PROBLEM » Please copy exactly the part of the records below that opens with the line containing "- les voila" and closes with the line containing "Deze charmante tussenwoning", leaving out any pictures.

INPUT DATA »
☆ ☆ ☆
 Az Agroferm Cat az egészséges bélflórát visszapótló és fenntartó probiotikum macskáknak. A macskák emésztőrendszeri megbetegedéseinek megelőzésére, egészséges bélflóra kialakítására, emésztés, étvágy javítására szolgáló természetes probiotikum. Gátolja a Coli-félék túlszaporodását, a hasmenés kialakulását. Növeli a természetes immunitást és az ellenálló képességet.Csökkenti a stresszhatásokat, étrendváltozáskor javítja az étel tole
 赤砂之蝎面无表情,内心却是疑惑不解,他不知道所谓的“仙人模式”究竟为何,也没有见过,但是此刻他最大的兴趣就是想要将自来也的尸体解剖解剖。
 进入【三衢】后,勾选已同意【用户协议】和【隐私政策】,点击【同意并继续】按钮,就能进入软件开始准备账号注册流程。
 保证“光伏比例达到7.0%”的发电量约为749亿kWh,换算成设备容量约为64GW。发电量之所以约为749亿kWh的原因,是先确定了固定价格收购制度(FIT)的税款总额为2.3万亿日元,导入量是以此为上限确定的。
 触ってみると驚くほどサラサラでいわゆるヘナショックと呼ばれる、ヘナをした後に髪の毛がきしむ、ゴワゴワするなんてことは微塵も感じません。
☆ ☆ ☆
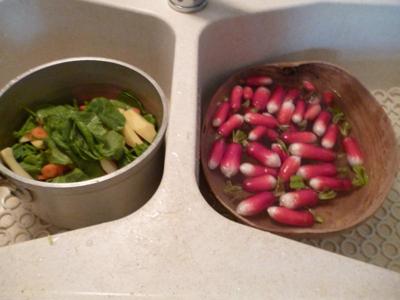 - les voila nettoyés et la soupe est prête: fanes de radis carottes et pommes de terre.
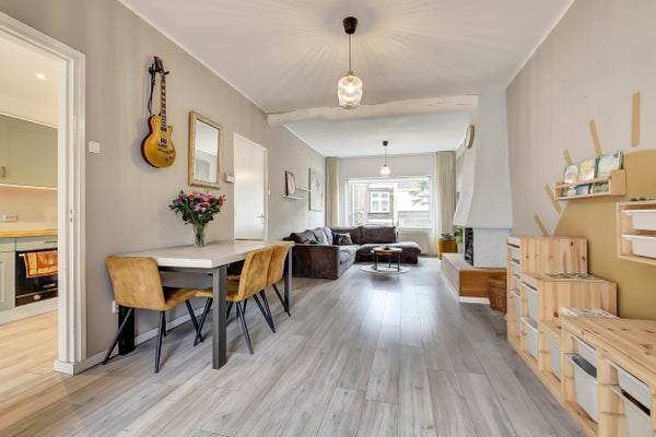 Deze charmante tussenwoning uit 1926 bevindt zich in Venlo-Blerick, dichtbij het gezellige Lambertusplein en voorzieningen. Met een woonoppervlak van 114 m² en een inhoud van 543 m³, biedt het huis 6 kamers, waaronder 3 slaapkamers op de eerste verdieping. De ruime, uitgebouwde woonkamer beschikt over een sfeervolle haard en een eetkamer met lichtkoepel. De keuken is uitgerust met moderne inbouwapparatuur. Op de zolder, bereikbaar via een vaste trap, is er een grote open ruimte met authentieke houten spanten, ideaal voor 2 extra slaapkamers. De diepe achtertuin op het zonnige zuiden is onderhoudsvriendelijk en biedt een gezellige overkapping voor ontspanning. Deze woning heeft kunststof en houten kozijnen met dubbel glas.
☆ ☆ ☆
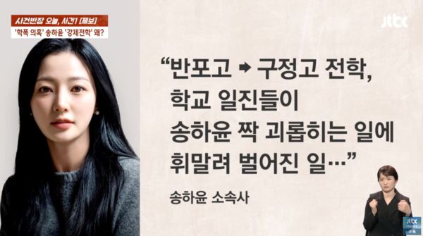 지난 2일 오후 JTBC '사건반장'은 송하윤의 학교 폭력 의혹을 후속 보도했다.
☆ ☆ ☆
COMPLETED TASK »
 - les voila nettoyés et la soupe est prête: fanes de radis carottes et pommes de terre.
 Deze charmante tussenwoning uit 1926 bevindt zich in Venlo-Blerick, dichtbij het gezellige Lambertusplein en voorzieningen. Met een woonoppervlak van 114 m² en een inhoud van 543 m³, biedt het huis 6 kamers, waaronder 3 slaapkamers op de eerste verdieping. De ruime, uitgebouwde woonkamer beschikt over een sfeervolle haard en een eetkamer met lichtkoepel. De keuken is uitgerust met moderne inbouwapparatuur. Op de zolder, bereikbaar via een vaste trap, is er een grote open ruimte met authentieke houten spanten, ideaal voor 2 extra slaapkamers. De diepe achtertuin op het zonnige zuiden is onderhoudsvriendelijk en biedt een gezellige overkapping voor ontspanning. Deze woning heeft kunststof en houten kozijnen met dubbel glas.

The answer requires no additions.